L3S focusses its AI-related research activities on developing methods and systems in the areas of Text Mining and Search, Knowledge Graphs and Data Integration, Natural Language Processing, Scene and Video Analysis as well as Machine Learning and Deep Learning.
Further research areas
Artificial intelligence (AI)-based systems already make decisions in many areas that can affect every individual everywhere and at any time – with far-reaching effects also on society as a whole. Search engines, internet recommendation systems and social media bots use AI systems, influencing our perception of political developments and even scientific findings. Companies use AI in hiring processes, banks for lending. But when artificial intelligence decides whether a loan is denied or someone receives medical treatment, this entails risks: for example, if algorithm-based decision-making leads to discrimination. Because even the machine brain is not free of prejudice: When learning from data sets, AI systems also adopt the stereotypes they contain. Thus, companies could miss opportunities because bias leads to AI-driven decisions underperforming; much worse, they could violate human rights. One question researchers at L3S are therefore addressing is: How can standards for unbiased attitudes and non-discriminatory practices be upheld in big data analysis and algorithm-based decision-making?
A new era has dawned in computer science: that of Quantum Information. Devices for quantum information processing are now commercially available and pose fundamental challenges to physicists and information theorists: How can the enormous computing power of quantum computers be used in practice? This is what scientists at L3S want to find out in new research projects. They are using their decades of experience in the development of quantum algorithms and machine learning to develop architectures for quantum-based neural networks. These networks are intended to routinely discover improved quantum computation methods – especially for industrial applications that use complex quantum systems, for example in the development of drugs and in materials research.

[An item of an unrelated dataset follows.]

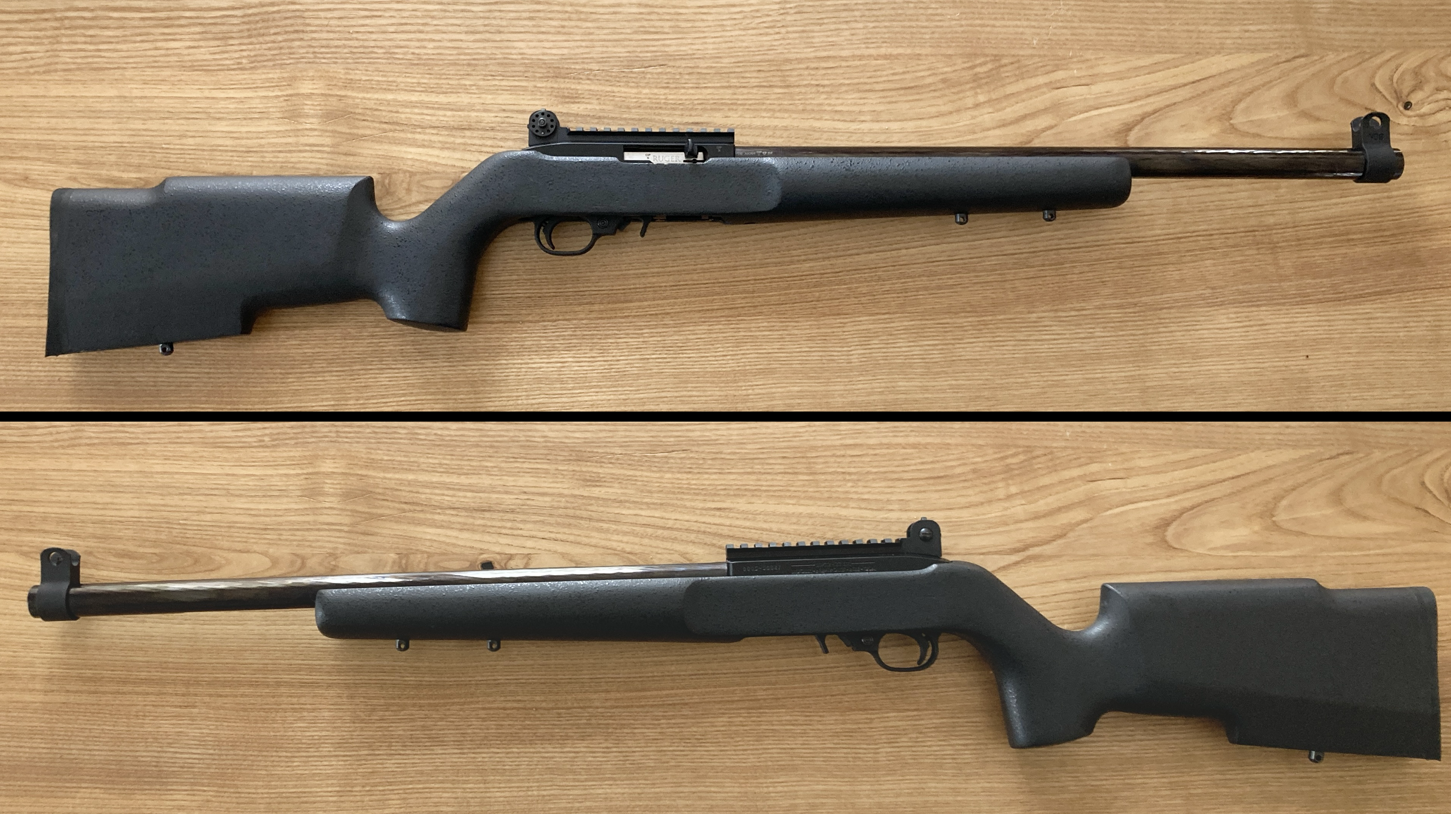 Die 10/22 ist in einem Boyds Holzschaft mit schwarzer Lackierung. Diese 10/22 ist nicht gebettet o.ä., daher noch alles offen, was mit diesem Schaft angestellt wird.

Technological developments such as cloud computing and the Internet of Things are shaping our society. We are surrounded by myriads of networked digital devices. Other developments such as autonomous vehicles, cryptocurrencies and intelligent medical implants will change life even more drastically in the future – or already do. In this context, the digital society faces a major challenge: cyber security. In recent years, the nature of the threat has changed drastically. Many of today’s cyber attacks come from powerful attackers. State organisations are of particular concern, as they operate on a long-term basis and have considerable technical capabilities and resources at their disposal. The incidents that become known almost on a weekly basis show: Against attacks on a large scale, many of the existing security solutions are almost ineffective.

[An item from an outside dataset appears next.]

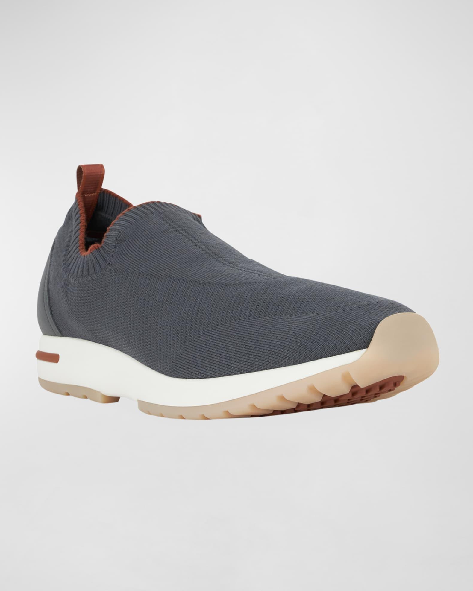 Loro Piana sneaker in double-layer knitted Wish%26#174; wool crafted with a very exclusive construction technique. Ultra-light and supremely comfortable. Sock-like collar forms to foot. Reinforced round toe. Tonal calfskin backstay. Pull-tab at back collar. Rubber sole with repeated brand initials. Made in Italy.

Artificial intelligence (AI)-based systems are already making decisions in many areas, and their performance is increasing rapidly, sometimes even surpassing human performance. However, embodied AI, although progressing, faces additional challenges which limit their success. While single algorithms can excel in a particular task in disembodied applications such as paying Atari games and board games, this is rarely the case in robotics. One of the challenges is that skills that seem easy to us, e.g., manipulating objects, rely more than a single learning algorithm but on the morphology of the agent, multimodal perception, years of individual experience, and multiple learning strategies, among other things. This embodied and holistic approach to AI is what researchers at L3S are addressing to develop increasingly intelligent robotic systems capable of interacting with real environments and people safely and naturally.